Der 1988 erstmals zugelassene Bus vom Typ Neoplan 117 war gebraucht gekauft worden – und seitdem haperte es offensichtlich mit der Wartung. „Die Osteuropäer sehen das nicht so eng“, hieß es bei der Verkehrspolizei. „Wir hören oft die Sätze: ,Der bremst doch noch‘ oder ,Der fährt doch noch‘“. Eine Million Kilometer oder mehr auf dem Tacho seien normal. Doch mittlerweile ist das Problem der verkehrsunsicheren osteuropäischen Lastwagen und Busse so groß geworden, dass der Bundesgrenzschutz an der Grenze seit einiger Zeit verstärkt die Fahrzeuge in Augenschein nimmt. „In letzter Zeit treten Mängel verstärkt auf“, sagte BGS-Sprecher André Behlendorf. Die Beamten seien von Fahrzeugspezialisten geschult worden, auf welche Schwachstellen sie besonders achten sollen. Verkehrsunsichere Fahrzeuge würden nicht über die Grenze gelassen, sagte der Frankfurter BGS-Sprecher: „Das ist mittlerweile Alltag.“

Bei dem lettischen Bus schrieb gestern ein Gutachter, der das 15 Jahre alte Fahrzeug an Ort und Stelle untersuchte, eine Mängelliste von imposanter Länge. Die wichtigsten Punkte in Kürze: Das Fahrzeug hätte jederzeit eine Achse verlieren können, denn der Rahmen war verrostet und hatte Risse. Gebremst wurde die dritte Achse ohnehin nicht mehr, da die Luftventile hinter der zweiten Achse abgerissen waren.
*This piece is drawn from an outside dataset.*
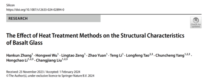 近日,硅酸盐材料领域国际期刊《silicon》(中科院三区,IF:3.4)在线刊发了我院二年级硕士研究生张翰坤以《The Effect of Heat Treatment Methods on the Structural Characteristics of Basalt Glass》为题的学术论文,指导教师为刘昶江副教授。

Der Luftbehälter der Bremse war stark verrostet, das Typenschild fehlte. Wenn man das Lenkrad bewegte, reagierten die Vorderräder noch lange nicht, so groß war das Spiel in der Lenkanlage. Die Radlager waren defekt und die Verschraubung nicht gesichert. Dass die Sicherheitsgurte fehlten, die Notausgänge nicht gekennzeichnet waren und manch Scheinwerfer nicht funktionierte, gehörte zu den eher kleineren Mängeln. Die Beamten beschlagnahmten die Fahrzeugpapiere und die Kennzeichen und forderten eine Sicherheitsleistung von 1500 Euro. Der Bus wurde in eine Werkstatt geschleppt. „Da gehörte er seit langem hin“, hieß es bei der Polizei.
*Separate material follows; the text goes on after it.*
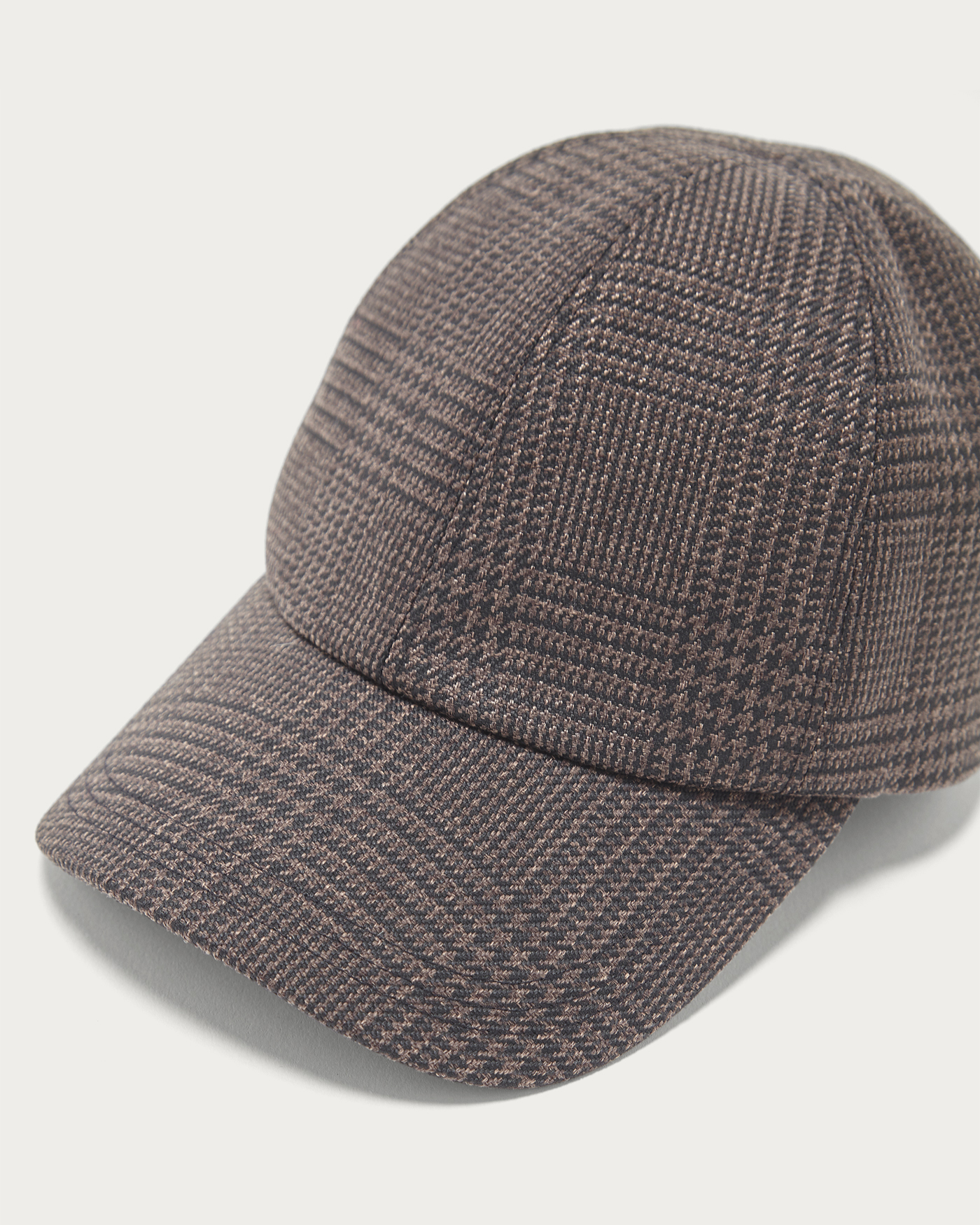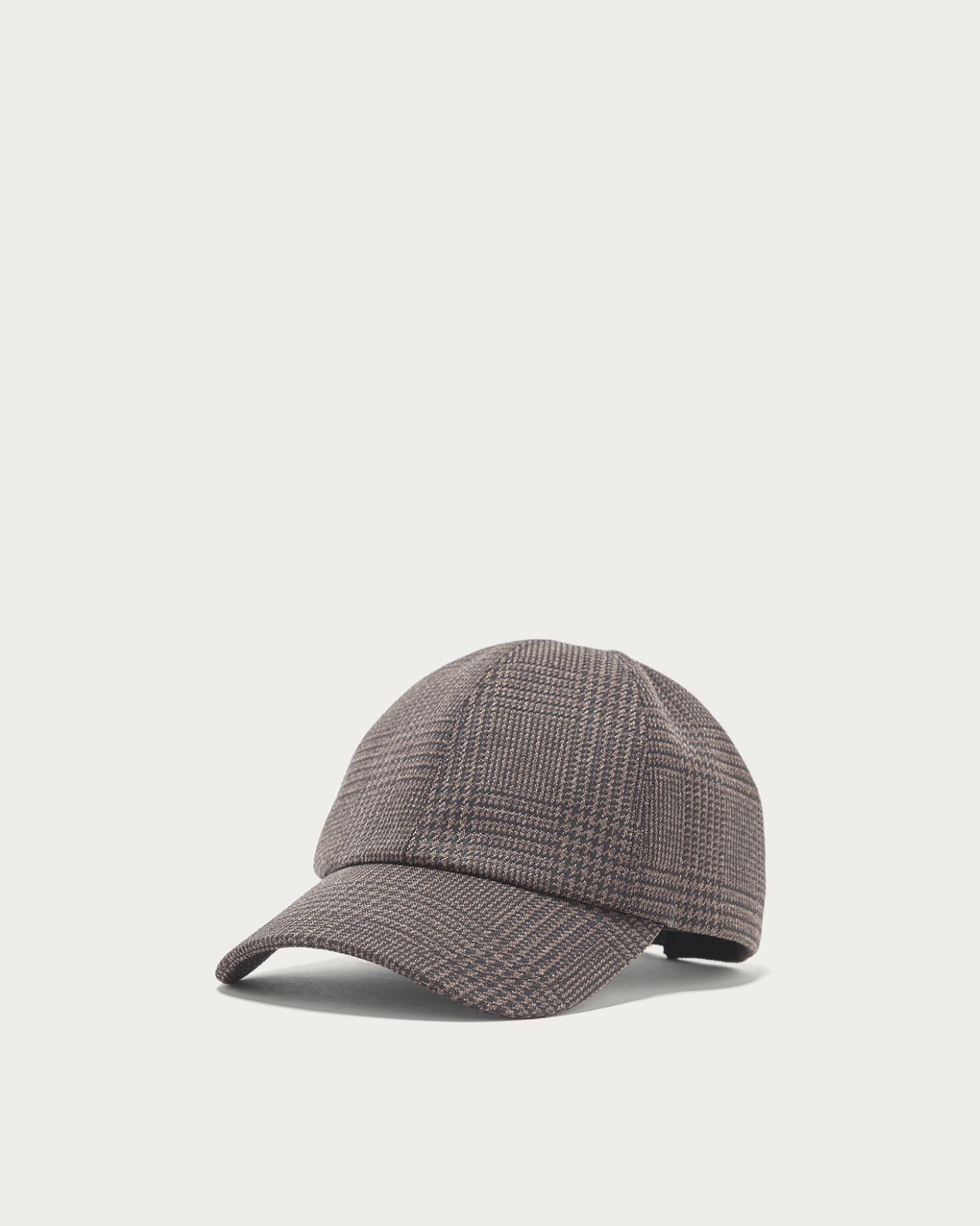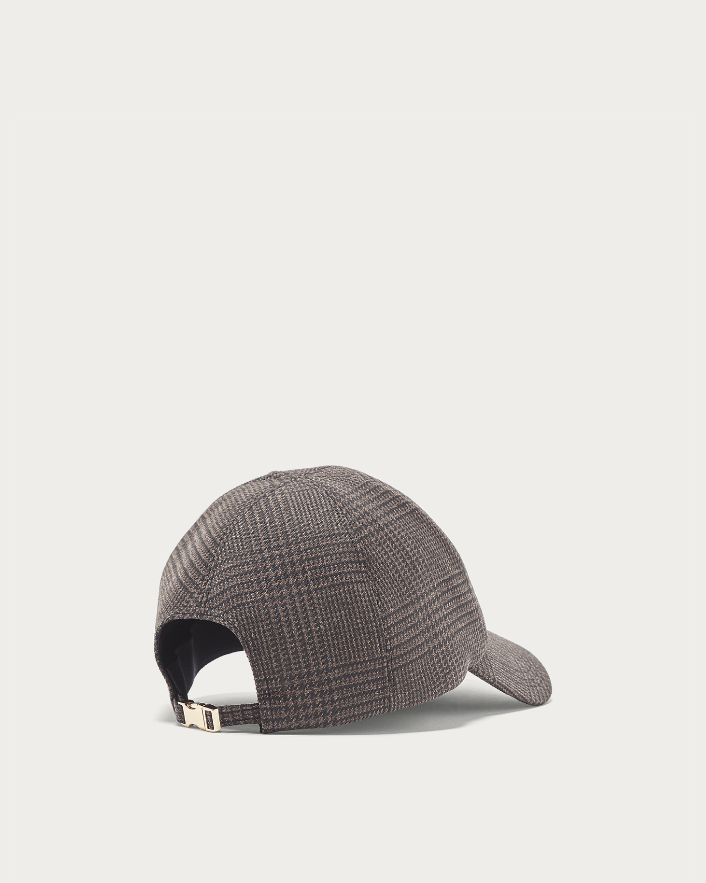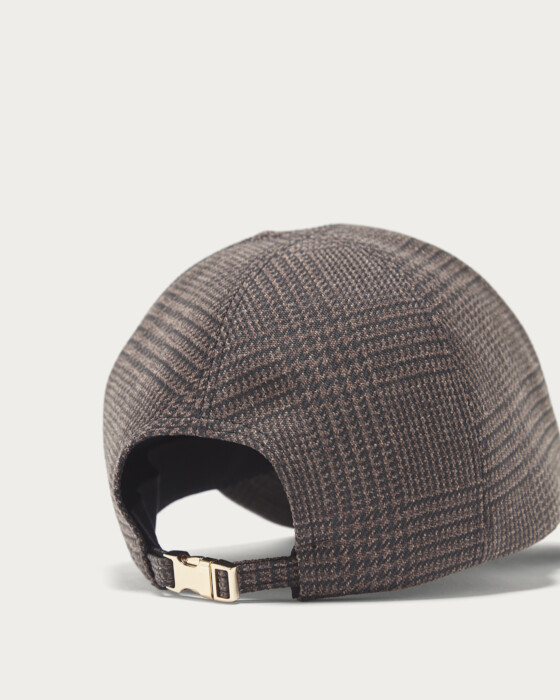 美しいパターンを活かしたシンプルなフォルムのチェック柄のキャップ。控えめで落ち着いた雰囲気が魅力のグレンチェックがコーディネートのアクセントになる一点。やや深めの被り心地で、アジャスターベルトのゴールドバックルがさりげないバックスタイルのポイントに。全体的にUVカット加工を施しています。

Für die 30 Pilger im Alter von 14 bis 18 Jahren mit ihrer Betreuerin stellte die lettische Busfirma ein Ersatzfahrzeug. Wie der herbeigerufene Dolmetscher den Beamten sagte, habe sich der 47 Jahre alte Fahrer der Firma „Sia Air Isaim“ bei Abfahrt gewundert, wieso ihm sein Chef das älteste der 16 Modelle für die lange Fahrt nach Frankreich zugeteilt hatte – doch er startete dann zu der viele tausend Kilometer langen Tour durch halb Europa. Immerhin hat er fast zehn Jahre Fahrpraxis mit Bussen, ausgestellt war sein lettischer Führerschein am 29. Oktober 1993.